April 26, 2026EN

Our Commitment to Access to Justice

By Viacheslav Ivannikov, Founder of Vitreon Legal

There's a phrase lawyers use: “access to justice.” It refers to the practical ability for people to exercise their legal rights — not just theoretically, but through real legal representation and research that they can actually afford and access.

The gap between “technically has rights” and “can actually enforce them” is often a resource gap. Legal research is expensive. Expertise is expensive. Time is expensive.

AI doesn't close all of those gaps. But it can make one critical part — the research itself — dramatically more accessible. That's what we're building.

Who legal AI has traditionally served

The major legal research platforms were built for BigLaw. Their pricing assumes enterprise-scale contracts. Their interfaces are optimised for partners at global firms. Their coverage is heavily weighted toward US and UK common law.

That's a consequence of where the venture money went, not where the legal need was greatest. A solo practitioner in Brno, a public defender in any jurisdiction, a small NGO trying to understand compliance obligations — these users have historically been either priced out or ignored.

What Vitreon Legal is building instead

We started with Czech Republic law — a market consistently ignored by major legal AI players because it's smaller and operates in a non-English language. Czech law is complex, frequently amended, and governs the rights of over 10 million people. We built a real corpus for it and built retrieval that works in that legal context.

We then added DIFC (Dubai International Financial Centre) — a common law hub serving a region that is rapidly expanding its legal and financial infrastructure. Then UK. Then Australia. We haven't built a US corpus. Not because US law doesn't matter, but because US legal research already has well-funded tools. We went where there was genuine unmet coverage.

The free tier is a policy decision, not a funnel

Our free tier — 3 queries per day, no account required, no credit card — is a deliberate commitment. Is 3 queries/day sufficient for serious sustained legal work? No. But it's enough for a student to verify a citation, for a paralegal to check a statutory reference, for a small business owner to understand whether a contract clause is standard.

We price our paid plans to be accessible to small firms: $29/month for Starter, $179/month for Pro. These are not enterprise price points.

We're actively seeking investment and partnerships to expand free-tier capacity. The goal is a product where ability to pay does not determine ability to do legal research.

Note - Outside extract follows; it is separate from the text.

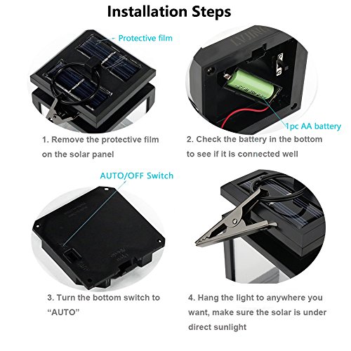 -. Feature : 🌟Small & Portable - 3.5" x 3.5" x 4.9", with a metal clamp and ring, easy to hang the lights to anywhere you want. / 🌼Auto Sensor - slide the bottom switch to "AUTO", the light will automatically charge itself during the day and light up at night / 🎄Soft Candle Flicker Effect - it is magical to see the light flickering like a candle at night, creating a nice and romantic ambiance. / 🌹Weatherproof IP44 - suitable for outdoor use, great to decorate your garden, patio, walkway, fence, backyard etc. / 💥100% Satisfaction Guarantee - with 12-months quality assurance service, message us and we will send you new lights or refund you to make you satisfied.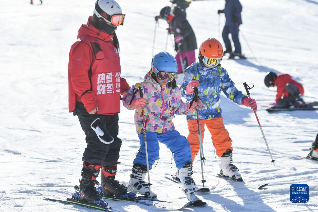 1月15日,小朋友們在教練的指導下學(xué)習滑雪。

What impact looks like at our stage

We're pre-revenue and small. We can't claim we've closed the access-to-justice gap — that's a decades-long systemic challenge. What we can claim is a consistent direction: more coverage, lower barriers, underserved markets first.

Every jurisdiction covered that no other legal AI covers, every free query answered for someone who couldn't afford a subscription, every small firm that saves hours on a research task — that's the direction.

Social impact for a legal AI company isn't a programme or a fund. It's a set of design decisions made consistently over time, starting with who you build for.